Block double extensions

[en <ny...@kiercorp.com>]

This may be better for procmail but if I wanted to flag an email with an
attachment with double extensions what would be a good rule for this?
Thanks

Re: Block double extensions

[Matt Kettler <mk...@evi-inc.com>]

At 06:01 PM 2/23/2004, en wrote:
>This may be better for procmail but if I wanted to flag an email with an
>attachment with double extensions what would be a good rule for this?
>Thanks

Generally speaking, SA isn't a particularly optimal tool for this. SA 
doesn't parse attachment headers, and doing so via a rawbody rule isn't 
possible in recent versions of SA.


Theoretically, a rule like one of these would work:

rawbody LOCAL_DOUBLE_EXTENSION  /Content-Disposition\: 
attachment\;filename=\s?\S*\.[a-z]{3}\.[a-z]{3}\"/i
header LOCAL_DOUBLE_EXTENSION_h  Content-Disposition =~ 
/attachment\;filename=\s?\S*\.[a-z]{3}\.[a-z]{3}\"/i

However, in reality they don't... In order to prevent false positives, SA's 
mime parser removes octet-stream sections from the email before any rules 
are run, even rawbody.

And this behavior makes sense. After all, SA's purpose is to evaluate the 
email to see if it's spam.. binary attachments aren't a part of it's 
concerns. And it does prevent a lot of the rawbody rules from 
false-alerting on messages with binary attachments.

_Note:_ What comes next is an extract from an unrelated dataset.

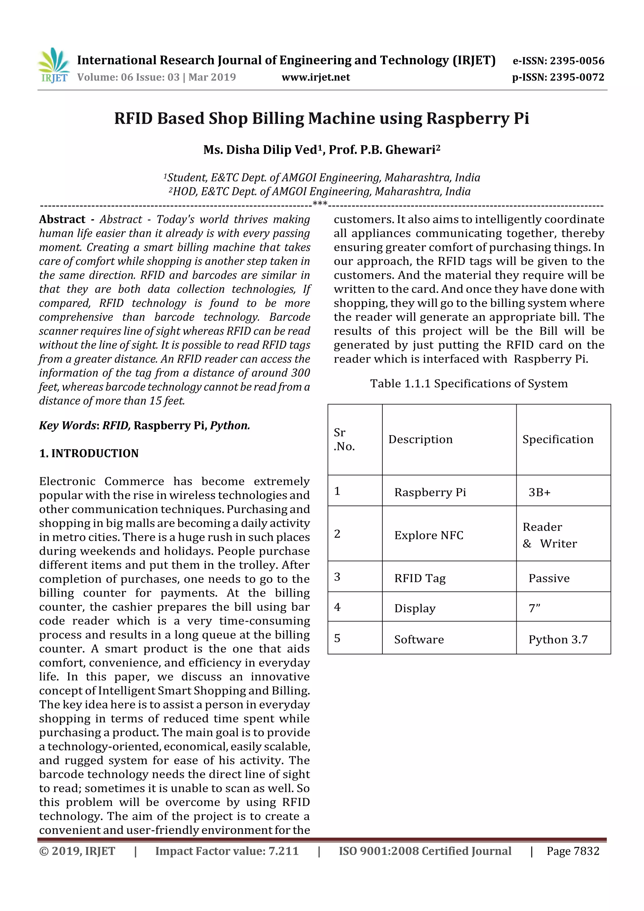 The document proposes a smart shopping and billing system using RFID technology with a Raspberry Pi. Customers would be given an RFID card to store the items they select, and their total bill would be generated automatically when they place the card near the RFID reader connected to the Raspberry Pi. This system aims to make the shopping and billing process more efficient and convenient by eliminating long queues typically seen at billing counters.

If you need file-extension blocking, etc.. I'd recommend looking at 
MailScanner. It's a very handy integration tool for SpamAssassin and virus 
scanners. It's also got a "filename rules" feature, which by default 
handles most double-extensions, and has a list of "safe" extensions that it 
passes before doing the double-extension check. (ie: file.tar.gz is 
perfectly safe, as is contacts.dec.txt).